Historic Moves in Physical Gold Markets


The recent unprecedented moves in physical gold settlements and spike in gold lending rates have many speculating on what could be causing these historic moves, and what the gold market might know about an upcoming financial event.

A quick recap on what we have witnessed, leaving many baffled.

500 tons of gold have been delivered to COMEX vaults in the past two months. JP Morgan is set to deliver US$4,000,000,000 in physical gold (one of the largest shipments in history). With a total of 59,296 contracts standing for delivery, breaking the June 2020 record with many speculating on who the buyers are - the U.S. Treasury, or the Federal Reserve?

COMEX Big 3 Vaults

There is a widespread discourse about a range of possibilities behind these moves in physical gold, some of which are a potential Fort Knox audit, financial giants positioning for Basel III endgame in July (or front-running Basel IV requirements), the US$9T of refinancing coming this year for the U.S. government debt, hedging for Trump tariffs, or arbitrage trading with Shanghai Gold Exchange physical settlement program.

Meanwhile, the strain on paper gold markets has many concerned about the long-running “fractional reserve gold lending” system breaking down under pressure for physical settlements amid a rapid rise in spot prices. Occasionally this market gets off balance when there’s a rush for physical gold and the way this imbalance presents itself is in the “gold lease rate”. 

If there is a need for physical gold, but whoever needs it, doesn’t want to buy it outright, for whatever reason - they can lease it. When we see a rise in the lease rates, we know that the physical gold supply is tight and getting harder to find. With the recent moves in physical gold, the gold lease rate spiked to unprecedented levels, signifying a scrambling between big players for physical gold. This is a historic move in the gold markets. 

Steep Borrowing Costs for Gold Indicates Tightness in Market - February 2025

Minor spikes can indicate an unwinding of trades where big players were incorrectly positioned in the market, but not at this speed and to this degree. The current spike suggests there could be a much bigger problem brewing. With the paper gold to physical gold ratio at about 130:1 - a temporary breakdown of this system would result in an epic scramble for physical gold, and a significant revaluation of gold prices.

These are early warning signs for what is expected from both the 18.6-year land cycle and 80-year socio-economic cycle due to converge this decade. That is, a financial crash at a centennial scale. The gold market always knows ahead of time.

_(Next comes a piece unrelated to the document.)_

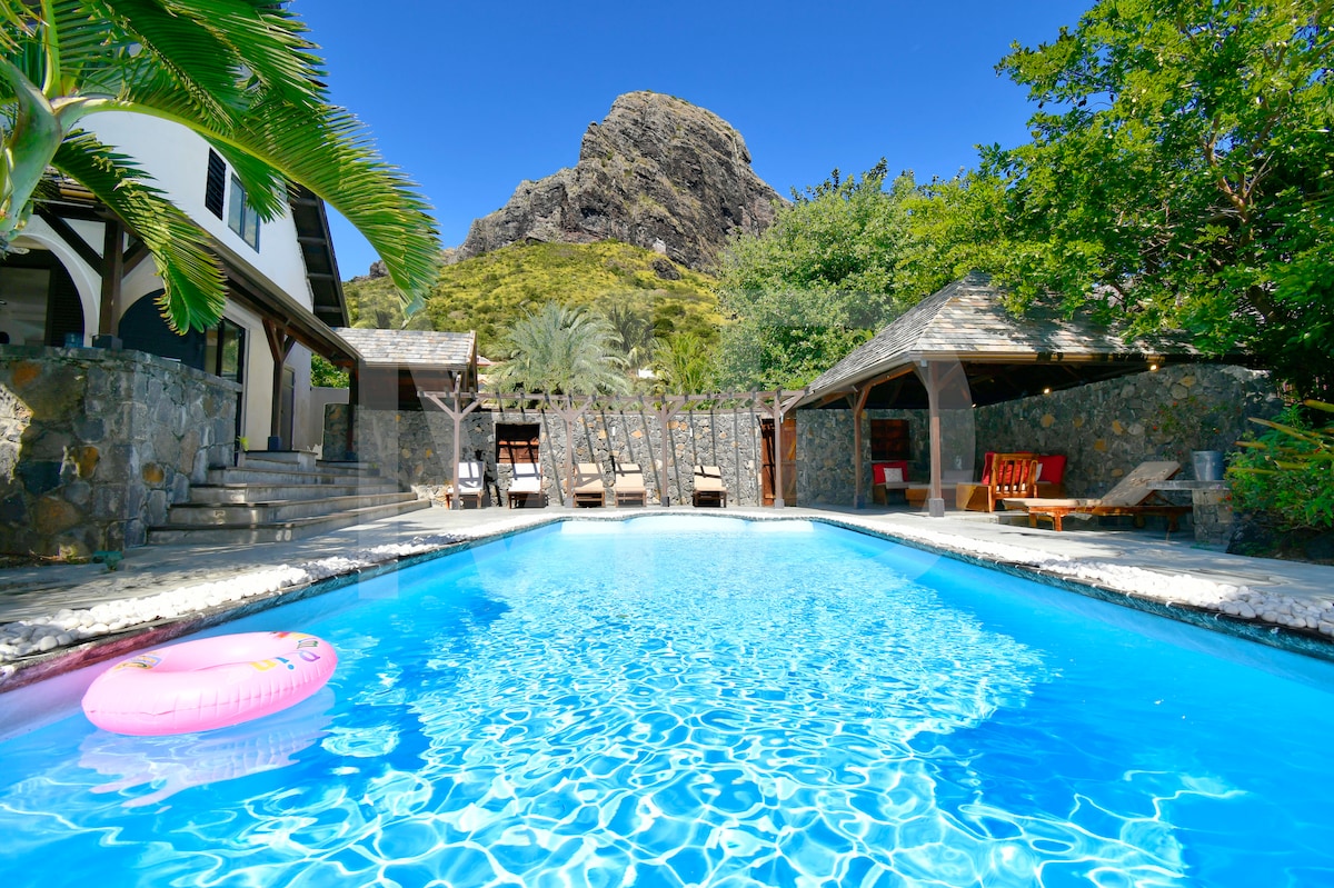 Unique setting between mountain and sea Private overflowing swimming pool. Large veranda with scénic views 2 comfortable bedrooms with garden view Free wifi (fiber) CCTV surveillance and Burglar alarm with security response. At your service: Natacha (household), Vikash (pool and garden) Licensed by the local Tourism Authority (License n° 15561)

While various technical and economic indicators have already validated this expectation, the gold market is firing off some serious warnings that strongly back these indicators up.

S and P 500 Index 12 Month

Stoch RSI resetting from overbought to oversold, on the yearly S&P500 chart (blue) is a technical indicator flashing red. We see gold (orange) outperforming in these phases.

US Credit Card Laon Defaults - Office CMBS Delinquency Rate - Hiring Rate

Corporate Mortgage-Backed Securities delinquency rate at an all-time high, credit card defaults spiking to nearly 2008 levels, and the hiring rate downtrend - are some of the many economic indicators flashing red.

Finally, looking at silver we see that lease rates have spiked to 8%. India imported 2,600 tons of silver from the UAE, a significant portion of global output – and the silver futures markets have entered backwardation with a negative carry cost for future delivery - showing a scramble for physical silver to be delivered today. It appears that industrial demand, particularly from Asia, is driving this trend. All signs are pointing to the likelihood of silver becoming unobtainable as an investment asset once gold is exhausted.

The backwardation in silver suggests a potential squeeze, where demand outstrips available supply, leading to price volatility. With the Gold to Silver Ratio currently sitting over 90, and a macro technical “cup and handle” bullish pattern playing out on the silver chart, we have an exciting macro setup for silver quietly building while gold is stealing the spotlight.

As the scramble for physical gold and silver intensifies, the upcoming decade is shaping up to live up to the expectation of being a historic one for the precious metals markets as the macro trends are only just getting started.